考えれば考える程に分からなくて、自分の首から垂れ下がった赤い縄を睨む。本当に何でこんな得体の知れないものが見えるようになってしまったんだ。
深い溜め息を吐きながら駅のホームで電車を待っていれば、見覚えのあるスーツ姿のサラリーマンが居た。何処か虚ろな目のサラリーマンの首からは、赤い縄が振り子のように大きく揺れている。
そして、以前見た時のようにその赤い縄は、サラリーマンの頬へ向かって縄先を強く打ち付け始めた。バシッバシッと音が聞こえて来そうなくらいに、容赦無く頬を叩かれているのにも関わらず、サラリーマンは虚ろな目でただただ線路の上を見ているだけだった。
赤い縄どころか、この世の全てが見えていないようなサラリーマンの姿は少し異様に思えて、思わず目を逸らす。
赤い縄は何故、あんなにもサラリーマンの事を叩いているのだろうか。
目の前のサラリーマンの姿が、学校で赤い縄に首を絞められていた結川の姿に重なった。結川の白い首にぐるぐると巻き付いた赤い縄は、今にも結川を絞め殺そうとしているように見えてとても恐ろしく感じた。
赤い縄が見えない結川にとっては特に何の異常も無いようで、息苦しい様子などは見れず至って普通に過ごしている。それが余計に、私にしか見えていない異様さを際立てているようで怖い。
私の赤い縄と結川の赤い縄には何か違いがあるのか、それとは逆に私と結川には何か共通点らしきものが存在するのだろうか。
私の首に括りつけられている赤い縄には、目の前のサラリーマンのように頬を強く叩かれたり、結川のように首を絞められた事は一度も無い。常に首から垂れ下がってゆらゆらと揺れたり、私を引っ張るように縄先を伸ばしたりするだけだ。
サラリーマンや結川の赤い縄は、一体彼らをどうしたいのだろう。脳裏で首を絞められた結川の姿を、もう一度思い返した。ぐるぐるとキツく首を締め付けた赤い縄を見て、そのまま放って置いたら、いつか結川がプツリと糸が切れた人形のように動かなくなってしまいそうな気がして背筋がゾッとする。

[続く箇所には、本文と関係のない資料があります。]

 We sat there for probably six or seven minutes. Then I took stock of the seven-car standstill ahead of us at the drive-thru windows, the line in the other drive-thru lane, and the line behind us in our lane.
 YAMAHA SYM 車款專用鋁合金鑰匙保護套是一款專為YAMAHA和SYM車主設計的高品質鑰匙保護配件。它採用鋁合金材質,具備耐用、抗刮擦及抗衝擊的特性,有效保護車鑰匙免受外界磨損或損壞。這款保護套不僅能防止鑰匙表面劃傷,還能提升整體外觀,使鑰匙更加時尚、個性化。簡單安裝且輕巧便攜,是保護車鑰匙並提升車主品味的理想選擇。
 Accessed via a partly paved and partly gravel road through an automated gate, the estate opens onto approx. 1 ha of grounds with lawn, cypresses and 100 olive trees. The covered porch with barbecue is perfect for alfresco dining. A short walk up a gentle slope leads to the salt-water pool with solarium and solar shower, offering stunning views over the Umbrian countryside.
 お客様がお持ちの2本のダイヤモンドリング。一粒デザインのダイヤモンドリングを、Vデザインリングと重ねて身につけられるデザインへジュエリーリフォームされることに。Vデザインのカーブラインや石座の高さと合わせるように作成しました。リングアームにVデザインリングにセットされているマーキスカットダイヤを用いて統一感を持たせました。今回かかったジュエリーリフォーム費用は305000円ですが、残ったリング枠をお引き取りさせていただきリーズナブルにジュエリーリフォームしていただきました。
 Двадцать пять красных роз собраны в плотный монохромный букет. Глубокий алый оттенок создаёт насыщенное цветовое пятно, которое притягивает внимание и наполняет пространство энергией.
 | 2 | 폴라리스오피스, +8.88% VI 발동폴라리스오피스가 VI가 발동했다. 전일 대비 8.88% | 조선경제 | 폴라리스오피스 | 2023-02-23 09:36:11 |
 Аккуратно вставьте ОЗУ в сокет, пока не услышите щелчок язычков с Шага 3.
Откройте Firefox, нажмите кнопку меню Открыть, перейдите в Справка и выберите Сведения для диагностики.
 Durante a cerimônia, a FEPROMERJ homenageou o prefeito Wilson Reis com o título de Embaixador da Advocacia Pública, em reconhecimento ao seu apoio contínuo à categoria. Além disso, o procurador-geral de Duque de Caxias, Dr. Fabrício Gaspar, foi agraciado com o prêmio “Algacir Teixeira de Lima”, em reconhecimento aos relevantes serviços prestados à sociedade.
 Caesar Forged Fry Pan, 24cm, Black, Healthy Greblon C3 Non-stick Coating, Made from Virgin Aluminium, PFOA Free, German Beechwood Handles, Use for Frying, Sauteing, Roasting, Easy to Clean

この数日間、体育委員を通して結川と関わる事が一気に増えた。以前のスクールカースト上位集団で、いつもヘラヘラしているクラスのムードメーカーという結川の印象は既に私の中で大きく変わっている。
結川は私が思っていたよりも穏やかな人柄で、スクールカースト上位集団に居るとはとても思えないくらいに人に対して気を遣う奴だった。今思えば、イジられキャラを演じているような、自分を都合の良い奴と認識している危なっかしさが、私が結川に対して少し気の許せるところのような気がする。
もしかしたら、そんな結川の見えない心境に呼応するように、赤い縄が揺れ動き時に激しく結川を責めるのかもしれない。首を絞められていると錯覚する程に息苦しい世界で藻掻く気持ちは、私にもよく分かる気がした。